| name | domain-media |
| description | Media & entertainment domain knowledge: content catalogs, participation tables, ranking determinism. |
Media & Entertainment
WARNING: Use the Broadest Table Available
BEFORE writing any JOIN, check: does the project have BOTH a broad table (all content types) AND narrow tables (one content type only)?
IF YES - ALWAYS join to the broad table. Joining to a narrow table silently drops all rows for other content types. A model called podcast_engagement does NOT mean you join only to a podcasts table when a broader all_content table exists - the model name describes what the output represents, not which source rows to include.
IF NO - there is only one content table. Use it.
To verify: run SELECT COUNT(DISTINCT <key>) FROM <broad_table> and compare to SELECT COUNT(DISTINCT <key>) FROM <narrow_table>. If the broad table has MORE distinct entities, you MUST use it.
Participation Tables
Tables that record WHO participated in WHAT (credits, casts, rosters, lineups, contributors) contain ALL participant types - actors, directors, producers, writers, coaches, players.
Do NOT filter by participant type based on the model name or task description. The participation table defines the population.
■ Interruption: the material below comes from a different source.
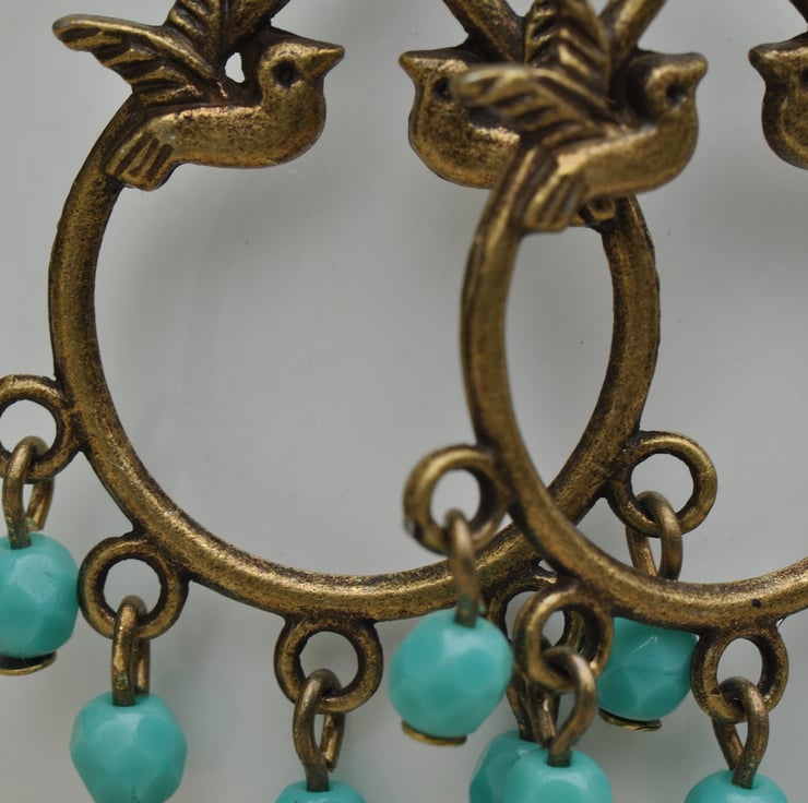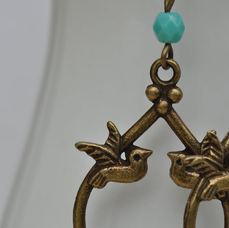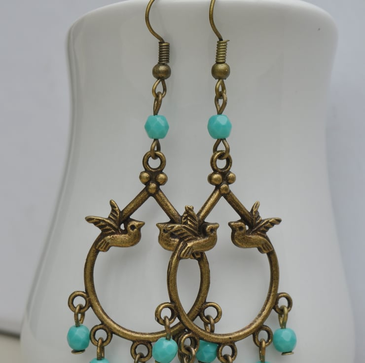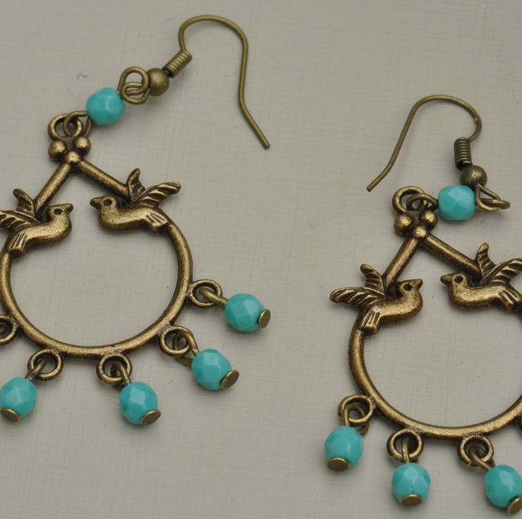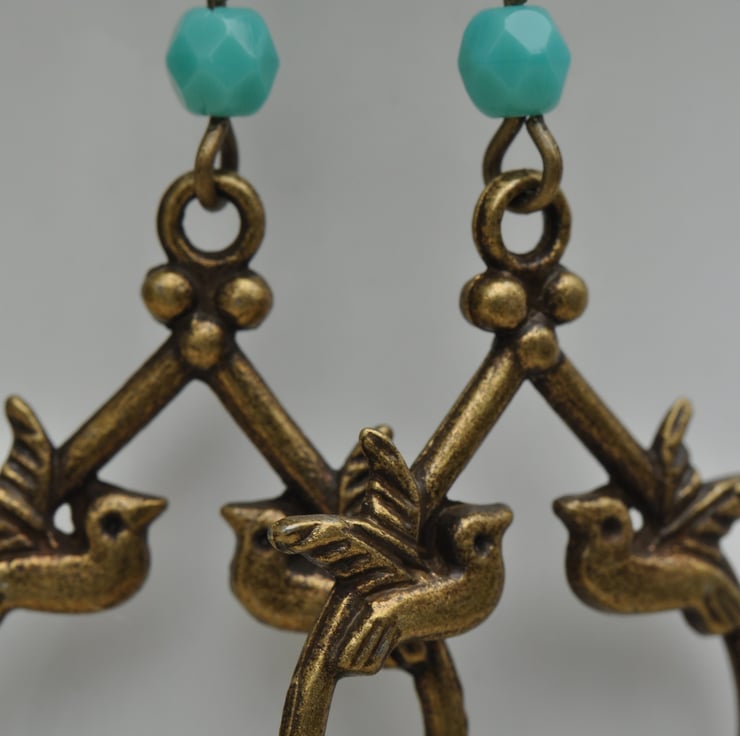 Lovely antique bronze plated chandelier decorative earrings with little birds and dangles of Czech turquoise opaque firepolished beads on antique bronze plated earwires.

Include all rows unless the YML description contains an explicit filter condition.
Driving Table
When aggregating content metrics, drive FROM the participation/event table (credits, views, ratings, matches), not the content table (movies, players, tournaments). The participation table has one row per event - that is the correct grain.
Ranking and Scoring
When ranking entities (top-N, best-rated, most-X), use ROW_NUMBER() with a deterministic tiebreaker - the entity's primary key as the final ORDER BY term. Ordering by a non-unique column (rating, count) alone produces different rankings on each run.
NEVER use DENSE_RANK() for top-N selection - DENSE_RANK() can return more than N rows when ties exist at the boundary.